→ **Exercise details**
Print every line from the start of the data, and when you reach the line with "片手で持ってベッド、ソファー", include it and stop. Pictures are not part of the copy.

[Opening Records supplied section]

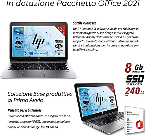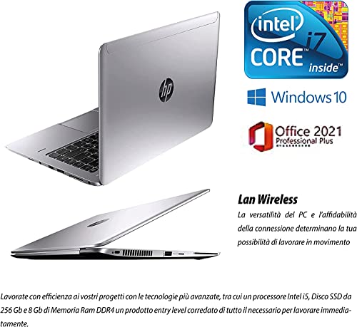 HP Elitebook Folio, Notebook Pc portatile Pronto All'uso, Display 14", Intel Core i7, Ram 8GB, SSD 240GB, Win 10Pro, Pacchetto Office 2021 (Ricondizionato)
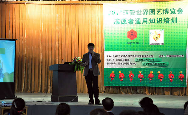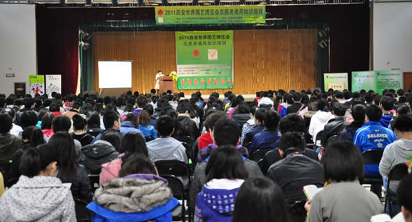 2011西安世界园艺博览会志愿者通用知识培训会4月3日在我校曲江校区大学生活动中心举行,首批入园工作的我校500名志愿者接受了培训,标志着我校世园会志愿者培训工作已全面启动。
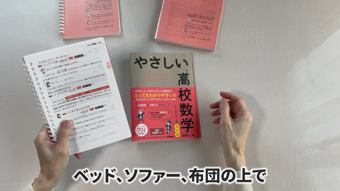 片手で持ってベッド、ソファー、布団の上で寝っ転がりながら 勉強することができます
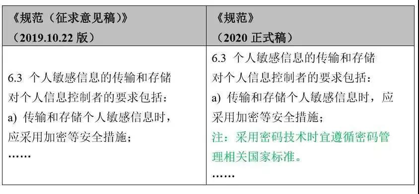 《规范》(2020正式版)新增采用密码技术宜遵循密码管理相关国家标准的要求,按照该等国家标准执行有助于规范密码技术的使用、提高密码的防护能力,更好地保障个人敏感信息的安全。《密码法》已于2020年1月1日生效,其第二十二条强调了建立和完善商用密码标准体系的要求、第二十四条直接指出了“商用密码从业单位开展商用密码活动,应当符合有关法律、行政法规、商用密码强制性国家标准以及该从业单位公开标准的技术要求。国家鼓励商用密码从业单位采用商用密码推荐性国家标准、行业标准,提升商用密码的防护能力,维护用户的合法权益。”可以看出,密码管理相关国家标准的重要性。企业应予以学习、研究和应用。
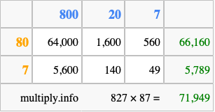 Finally, we add up all the sums we found in step 3 to get our final answer to 827 times 87.
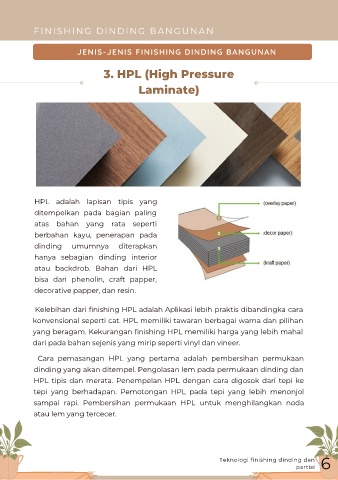 yang beragam. Kekurangan finishing HPL memiliki harga yang lebih mahal
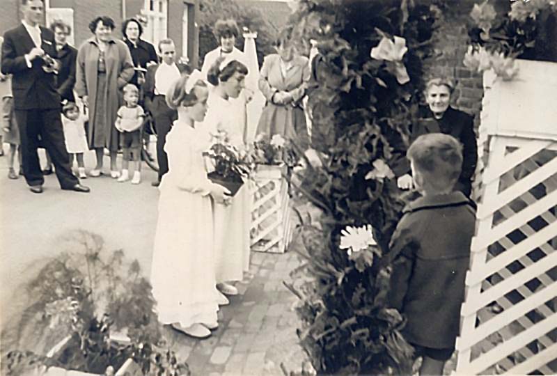 (01002) De broertjes Teeuwen gaan op Palmzondag naar de kerk (rond 1960)
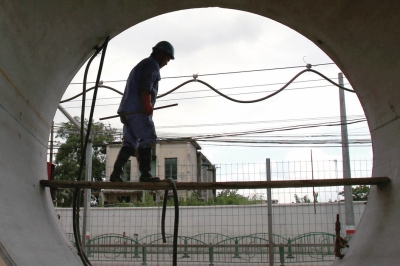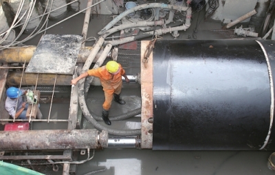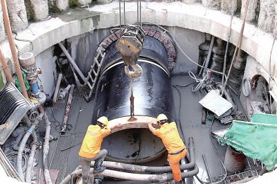 8月12日,台风“苏迪罗”对上海还略有些外围影响,记者先后来到位于长阳路隆昌路、杨树浦路隆昌路和杨树浦路内江路的3个管网建设工地现场,工人们正在紧张施工,由于顶管施工的工艺要求,工地上的两个工作井需要24小时不间断推进。因为要考虑交通出行、地下管线复杂等原因,工程推进难度颇大。在位于杨树浦路隆昌路的工作井工地,竖立着硕大的起重机,据施工方中铁上海工程局相关负责人介绍,工地上的管子外直径可达4.14米,因为要照顾到周边交通,通过改制作业设备将施工作业面尽量压到最小。建筑工人们战高温、防台风,日夜奋战在工程一线,争取早日完工服务周边居民。
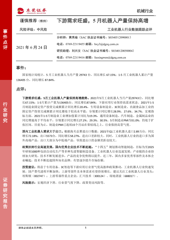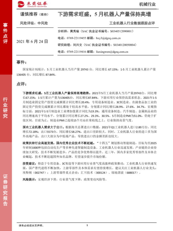 【东莞证券】【20210624】工业机器人行业数据跟踪点评:下游需求旺盛,5月机器人产量保持高增-2页

[Closing Records supplied section]

→ **Written solution**
 HP Elitebook Folio, Notebook Pc portatile Pronto All'uso, Display 14", Intel Core i7, Ram 8GB, SSD 240GB, Win 10Pro, Pacchetto Office 2021 (Ricondizionato)
 2011西安世界园艺博览会志愿者通用知识培训会4月3日在我校曲江校区大学生活动中心举行,首批入园工作的我校500名志愿者接受了培训,标志着我校世园会志愿者培训工作已全面启动。
 片手で持ってベッド、ソファー、布団の上で寝っ転がりながら 勉強することができます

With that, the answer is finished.